In nature and spirit, the NPP is older than the NDC. It is rooted in a political culture pre-dating Ghana’s independence and can boast of an ideology informed by the ideals and aspirations of the founding fathers of that political culture, namely, Dr. J.B. Danquah, Dr. K.A. Busia, and S.D. Dombo (not to mention other numerous traditions rooted in the “Mate Me Ho” activism).
The NPP has a fundamental advantage over the NDC. Its Danquah/Busia/Dombo political culture is different from whatever undergirds the NDC’s political consciousness. This is where the problem of personality cult comes in to negate the NDC’s and CPP’s politics, both having come across as personality-centered. What will be the NDC without Rawlings or the CPP without Nkrumahism? That’s why the current struggle in the NDC to lessen the Rawlings factor is tearing the party apart to the likely advantage of the NPP. The CPP can’t exploit Nkrumah’s legacy anymore because the current crop of voters have no connection with the personality of Nkrumah.
The Danquah/Busia/Dombo political culture has survived the whirligig of Ghana politics (being in the opposition for 30 years before Fate smiled on it in the 2000 elections), aided by one important political imperative. It is not built on any personality cult but ideals fashioned on a so-called liberal democracy that manifests in the slogan of “property-owning democracy.” That was why the party was able to bring together all the various segments that had splintered at the 1979 general elections to make it viable in the 4th Republic. The CPP hasn’t been able to do so and the NDC risks falling apart if its house collapses on it or if it loses the 2012 elections.

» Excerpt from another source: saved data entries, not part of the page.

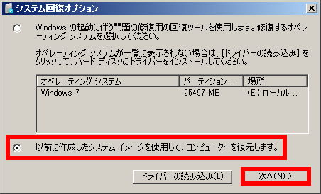 Step4:「以前に作成したシステムイメージを使用して、コンピューターを復元します。」にチェックを入れて「次へ」をクリックします。適用したいシステムイメージを復元してWindows7を工場出荷時に戻します。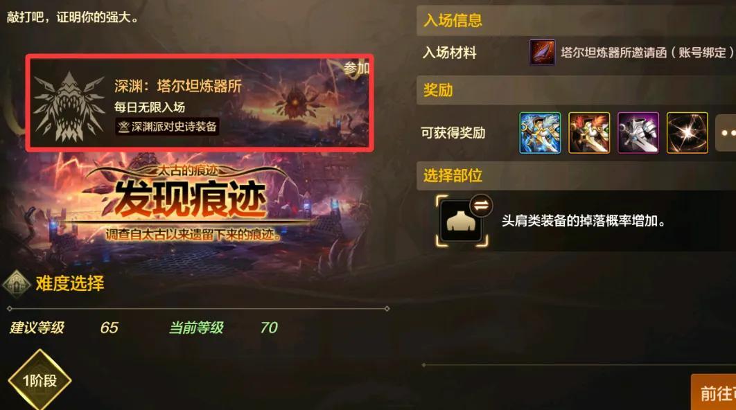 當然如果還差很多件特性詞條,建議先去“塔爾坦煉器所”清空一輪深淵票再說!
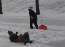 そり遊びでは、最初はなかなかコツがつかめなかった子どもたちでしたが、次第にすごいスピードでゴールに飛び込んで行っていました。
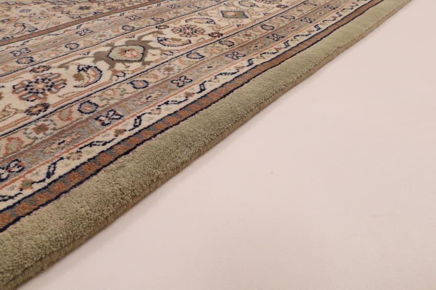 Die kunstvolle Handarbeit, die in das Knüpfen jedes einzelnen Knotens fließt, zeugt von der Leidenschaft und Hingabe der Teppichknüpfer. Zudem fungiert dieser Teppich nicht nur als Raumdekoration, sondern erzählt eine Geschichte – eine Geschichte von traditioneller Handwerkskunst und kultureller Identität.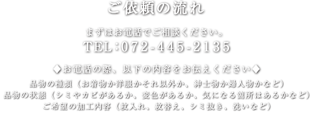| ● | ご希望の加工内容(紋入れ、紋替え、シミ抜き、洗いなど) |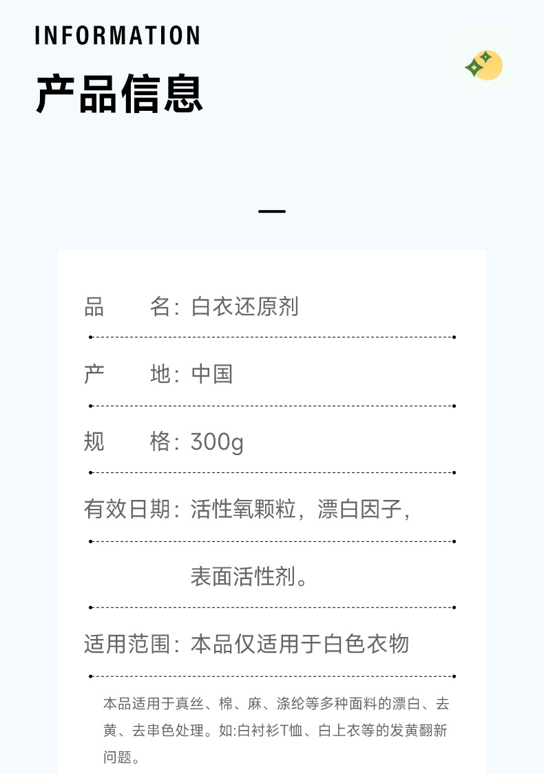 Белый восстанавливающий агент для удаления пожелтения и удаления окрашенного порошка для отбеливания белой одежды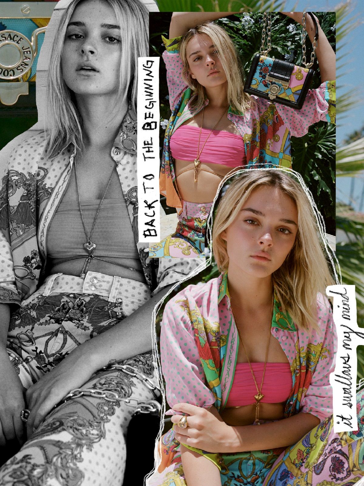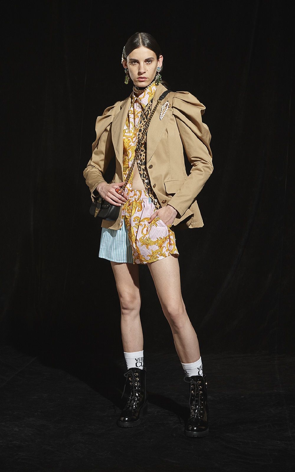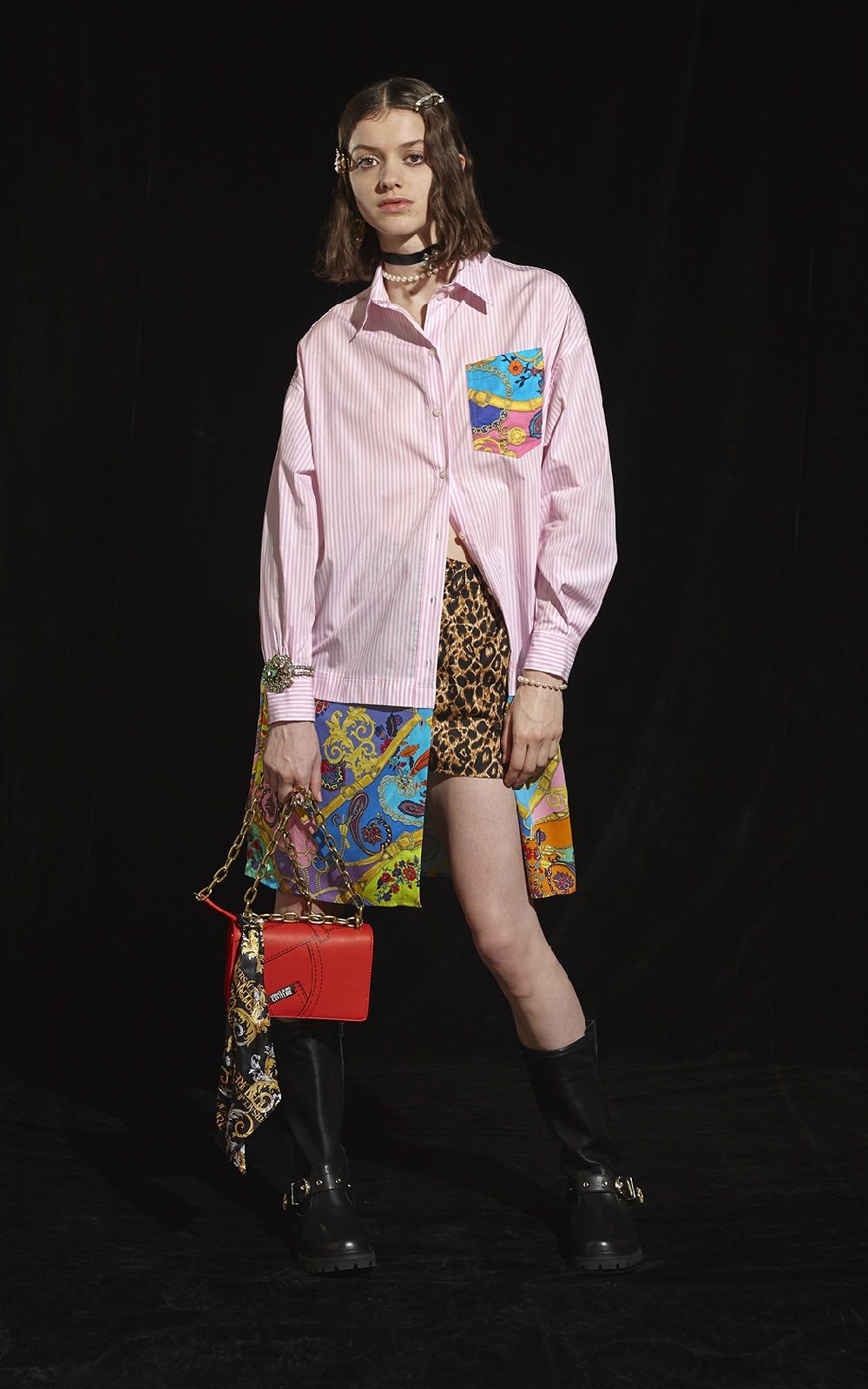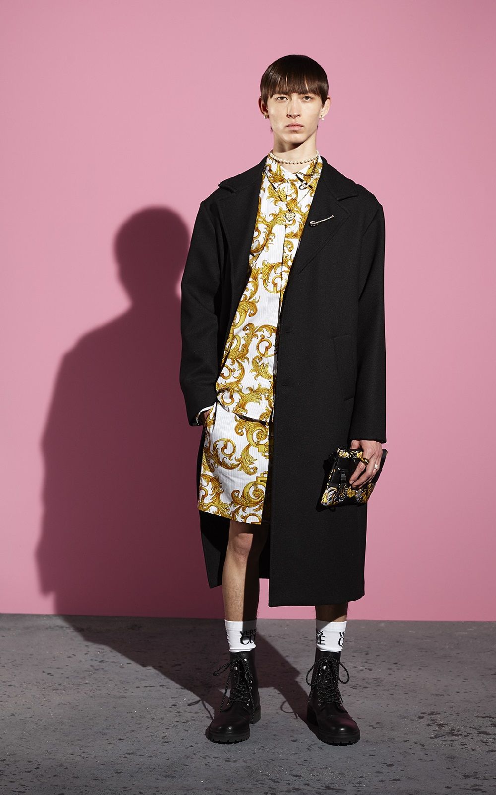 The sixties silhouettes meet the girly rebellious mood of the 90s Riot grrrl in Versace Jeans Couture's FW20 collection. Starting with denim, which is a key element of the line, the brand plays with the codes of femininity by inserting unconventional details recalling the decade of grunge, when Courtney Love appeared on stage wearing slip dresses, torn fishnet stockings and biker boots.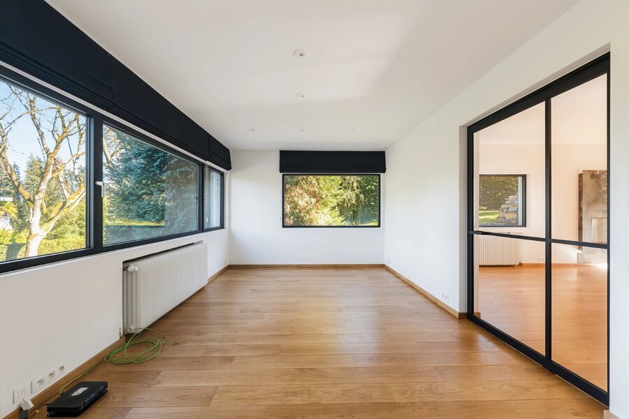 In the prestigious Prince d'Orange district, magnificent 4-façade villa with a total gross floor area of ± 300 m² and a south-facing garden on a plot of ± 7.8 ares. It is composed as follows: First floor: entrance hall, checkroom, garage, utility room, wine cellar, wash-hand basin and WC. 1st floor: hall, fitted kitchen, living room, laundry room with WC. 2nd floor: night hall, separate toilet, shower room, master bedroom with en-suite bathroom (toilet), three further bedrooms. Attic: bedroom/study area and bathroom. Also: double glazing, gas condensing boiler (2021), solar panels, rainwater tank (connected for garden watering), functional fireplace, water softener. PEB D. Don't delay!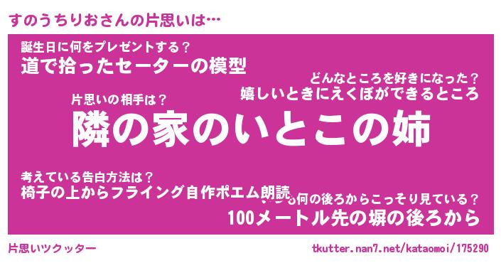 | 胡散臭い通販商品みたいなあだ名 | 『モテモテ間違いなし水晶球…その名も「すのうちりお」』 |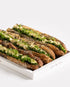 מגש אירוח מוקפד עם כריכים אישיים בלחמנייה ללא קמח חיטה, המשלבת זרעי צ’יה, טף ופשתן. שילוב אידיאלי בין מרקם עשיר, טעמים מוכרים והגשה אלגנטית – מתאים לאירוח בוקר, ישיבות וכיבוד חלבי מגוון.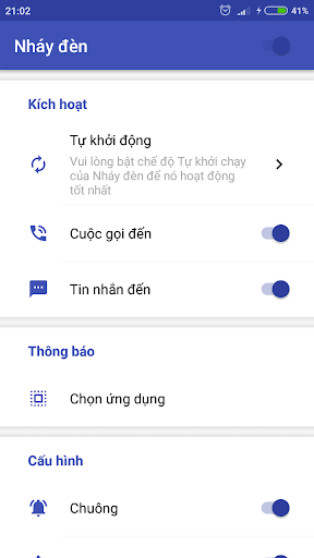 ✔ Cài đặt nháy đèn Flash khi điện thoại nhận cuộc gọi đến, thông báo ở chế độ các chế độ: rung, im lặng hoặc bình thường.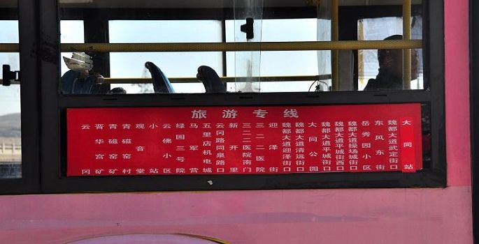 大同的车子真的是不太守时的,说好的6点15走,结果到迟了半个小时才出发,然后市区边上到一个类似车站的地方又等到车上座位都坐满了,太阳也已经升起来了,才正式开往目的地去(票价30)。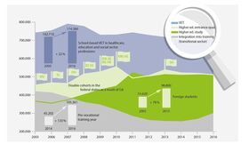 The vocational education and training sector shows an increase until 2007. Entrant numbers have been falling since the beginning of the economic crisis in 2008. Compared to the base year of 2005, a decrease of five per cent (- 34,000) has been recorded in this sector. Within this context, consideration needs to be accorded to the fact that dual vocational education and training in accordance with the BBiG/HwO has been in decline (- 7%), whereas there has been particularly strong growth in the school-based VET programmes offered in the healthcare, education and social sector professions (+ 22%).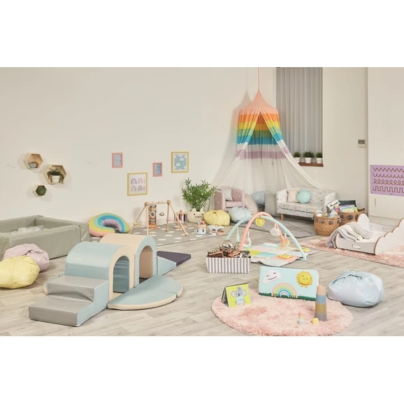 Evoke a sense of calm with the Rainbow Baby Gym from Hope Education in soft pastel shades. The use of colour has an impact on emotion, which can ultimately influence a child’s calmness, relaxation, happiness and comfort.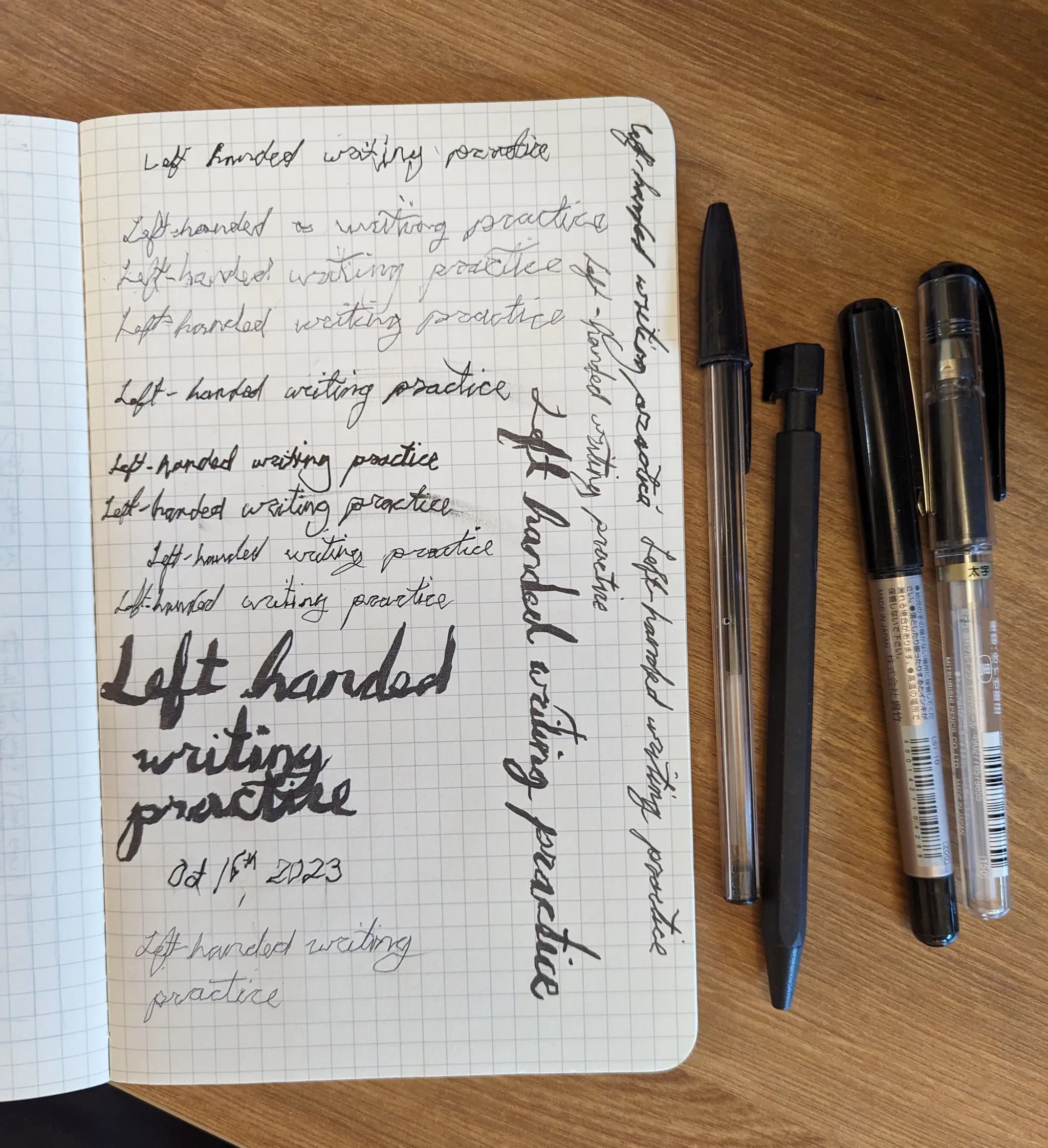There’s three distinct hand positions folks use to write left-handed – keeping your hand above the line, alongside the line, or below the line of text. Smearing your lines by rubbing your hand along them as you progress from left to right is a real frustration, and the above-the-line and below-the-line hand positions are both responses to that concern; but the internet was very certain that the above the line, curled-wrist hand position was a recipe for carpal tunnel, so given my experience with that I wanted to avoid it. This really only left me the below-the-line hand position for writing, and the problem with that was just how different it felt from writing right-handed.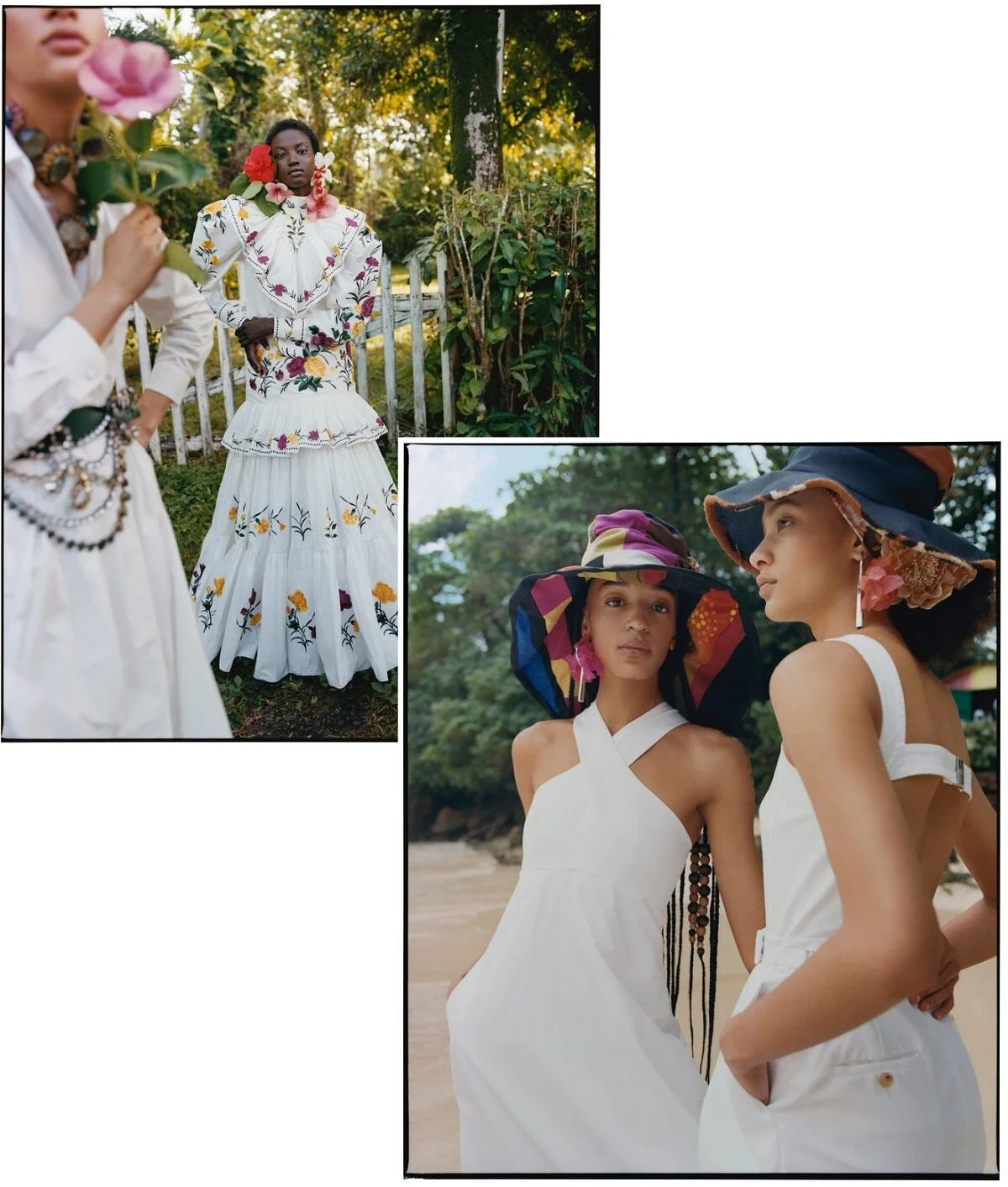 Models Anok Yai, Indira Scott and Selena Forrest are styled by Tonne Goodman in ‘Material Values’. Photographer Nadine Ijewere captures the belles for Vogue US March 2020./ Hair by Edward Lampley; makeup by Grace Ahn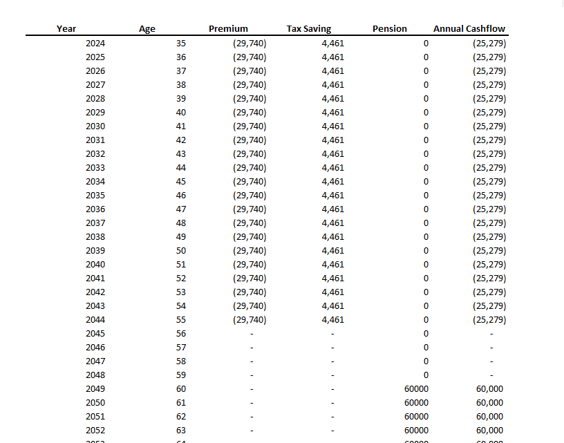 สมมติว่า เราเป็น หญิงไทยใจงาม อายุ อานาม 35 ปี สนใจซื้อประกันบำนาญในปีนี้ ซึ่งเป็นปี 2024 โดยแผนประกันบำนาญที่เราสนใจนั้น เราต้องจ่ายเบี้ยปีละ 29,740 บาท ไปจนอายุ 55 ปี และเริ่มได้รับเงินบำนาญตอนอายุ 60 ปีจนถึงอายุ 99 ปี โดยเราจะได้รับเงินบำนาญปีละ 60,000 บาท และเราจะได้ผลประโยชน์จากการลดหย่อนภาษี ตามฐานภาษีของเรา ในที่นี้เราใส่เป็น 15%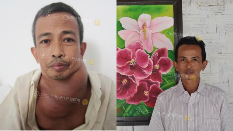 2013年6月,苏吉安多第一次来广州现代肿瘤医院时,他的脖子比头还要大,且难以转动。左侧颈部及前颈部的肿块大小约25*15cm,被确诊为霍奇金淋巴瘤IV期。以介入疗法为主的综合治疗方案治疗后,颈部肿瘤消失,现已成功抗癌12年。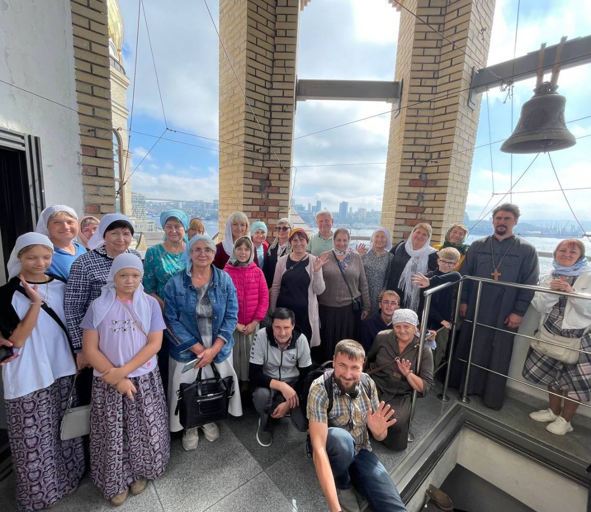 4 октября Спасо-Преображенский собор посетила группа прихожан из Арсеньевской епархии во главе иереем Михаилом Котенко, настоятелем храма Архангела Михаила г. Арсеньева. После Божественной литургии и молебна, поклонившись частице Пояса Пресвятой Богородицы, паломники побывали в Музее Приморской митрополии. Обзорную экскурсию по Музею и собору с подъёмом на колокольню провела Светлана Сергеевна Руснак.

Now, let’s see why the rivalry between the NPP and the NDC is unavoidable. Here again, history provides the lesson. In the bitter politics of the 1950s and post-independence era, the United Party (worth regarding as the political bastion of all the political parties tracing their source to the Danquah/Busia/Dombo tradition) had one political opponent—Nkrumah and his CPP—and did everything, including recourse to terrorism, to undermine the Nkrumah government.
Vicious campaigns were also mounted to destroy the personality and image of Nkrumah himself, which combined with Nkrumah’s own miscalculation to cause his overthrow and demise. So powerful was the demonization campaign against Nkrumah that to date, his legacy hardly appeals to the electorate (even though other factors are responsible for the mess in which the current pro-Nkrumahist political parties find themselves).
It is not difficult to establish that in our current political dispensation in the 4th Republic, the NPP (representing all that its forebears had put together) regards the NDC the same way the United Party did Nkrumah and his CPP. Now, the NDC has replaced Nkrumah’s CPP and shouldn’t expect LOVE from the NPP. Constructing the NDC as its nemesis, the NPP seems poised to do to the NDC what its forebears had done to the CPP. It is, therefore, unrelenting in taking a leaf from its political antecedent to confront the NDC’s threat to its quest to dominate Ghanaian politics, using the 2012 elections as the springboard.